How do I know this information?  I’ve been practicing law for 10+ years, and have helped accident victims recover over $35,000,000 for their injuries.  You are welcome to read more about my firm, browse my insurance claim guide library, or my library with settlement values and strategies for different injuries.  My short bio is at the bottom of this page.

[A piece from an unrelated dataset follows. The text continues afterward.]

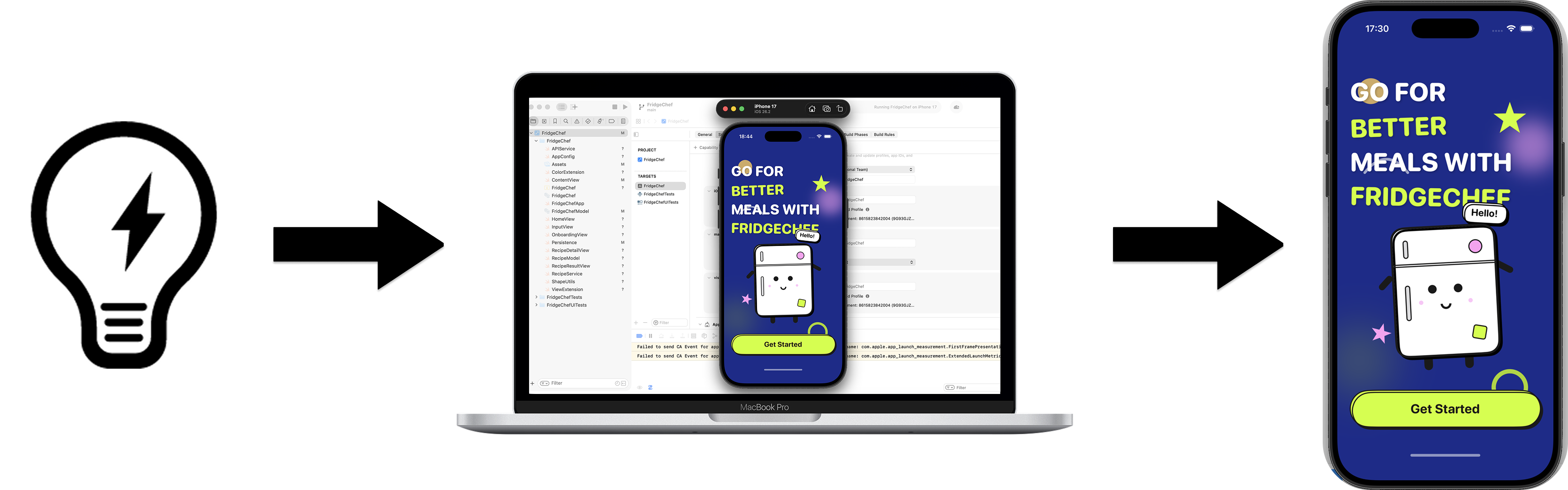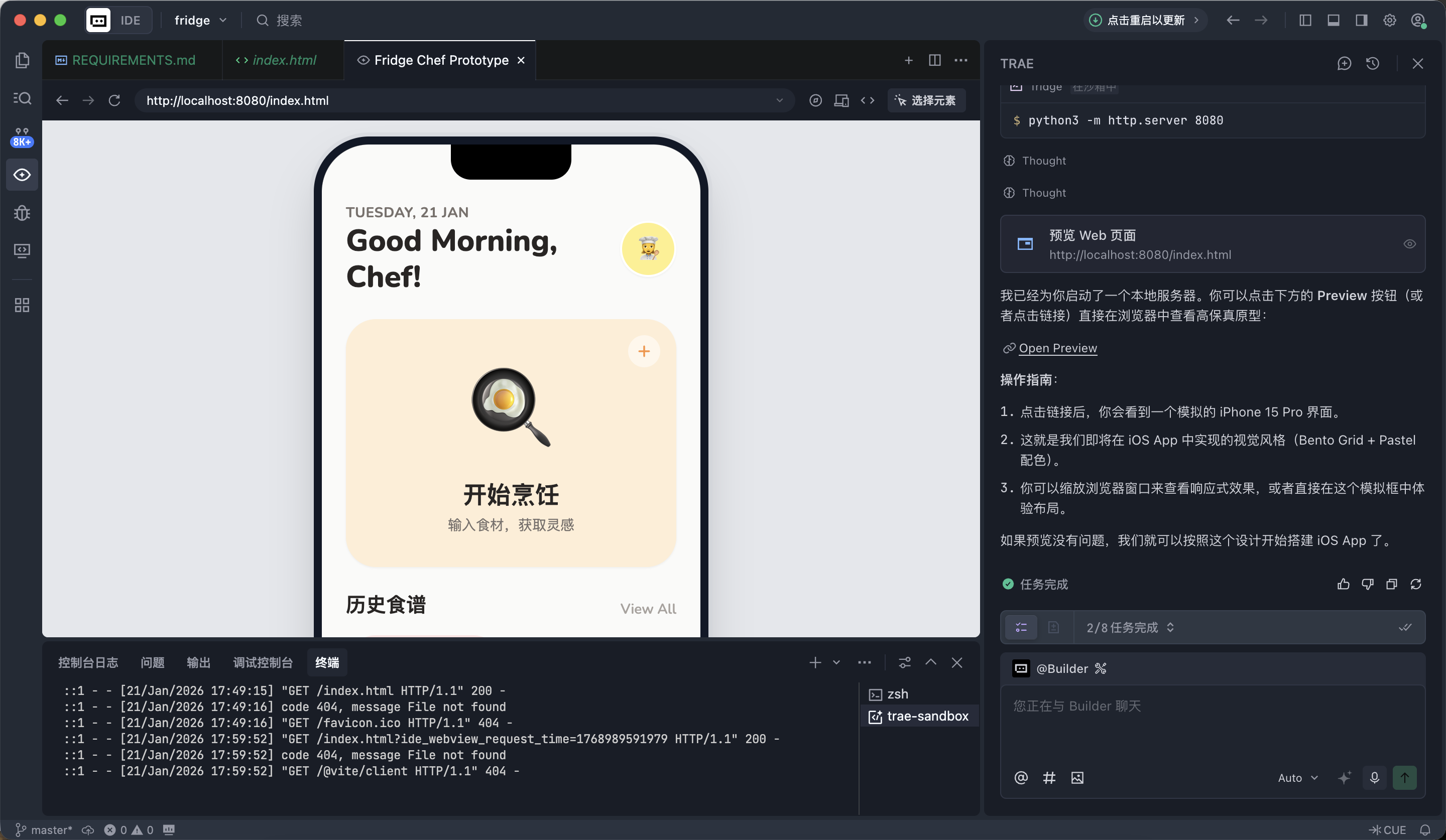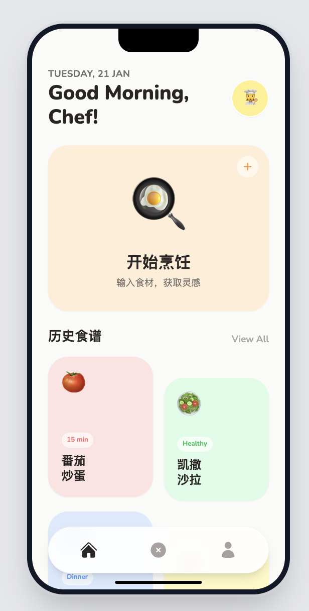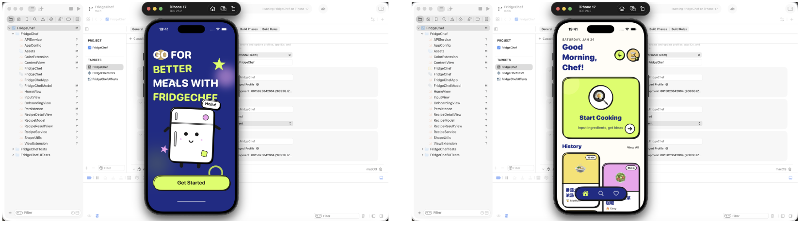 用户输入冰箱中现有的食材,应用会通过真实的 AI 接口生成一份可行的菜谱,并将结果保存到本地,方便后续查看。该示例完整覆盖了一个真实 iOS 应用所需的核心组成部分,包括界面输入与展示、网络请求、数据解析、本地存储,以及最终在真机上的安装与运行。

Or, keep scrolling and use the hyperlinked table of contents below to find exactly what you’re looking for about permanent injuries.  If you don’t find what you’re looking for, send me a message.  I’m happy to research and write an article on a topic of your interest.

permanent injury
what is mmi
permanency of injury to the brain
long term injury types
permanent injury settlement amounts for spinal injuries are the highest
amputations are a permanent injury
permanent injury settlement lawyer

What is MMI


Some people think maximum medical improvement is strictly a workers’ compensation phrase, but they are wrong.  It is a phrase used in every accident case and claim.  Let’s start with a basic definition and explain further from there.

What Does MMI Stand For

MMI is medical term and acronym for “maximum medical improvement.”

MMI is reached when an injured person is not expected to improve any further following an injury event, despite receiving all available treatment to cure that injury and help the injured person return to pre-injury baseline health.

The American Medical Association has guidelines for assessing and calculating MMI, but use of those guidelines should be limited to workers’ compensation cases (I will explain why in a later section, below).

MMI’s Relationship to a Permanent Injury

This one is easy to explain.  If you have reached maximum medical improvement or MMI, yet you still have residual symptoms from your accident injuries,  you have a permanent injury.

It really is that simple in terms of medical facts and the reality of your body’s recovery.  However, be prepared for the insurance company and defense lawyers to argue and suggest that:

♦   You have reached MMI and are back to baseline health

♦   You are faking or exaggerating your residual symptoms

♦   Your residual symptoms are not as bad as you say they are

MMI & Permanent Injury Example

Measuring MMI and Long Term InjuryLet’s say before a car accident you can do 10 pushups and run a mile in 10 minutes.  After all your treatment is finished following that car accident, you can only do 8 pushups and run a mile in 8 minutes.

In this example, you have reached MMI yet have a permanent injury.  It is certainly possible to reach MMI and have no permanent injury, so this is a case by case analysis.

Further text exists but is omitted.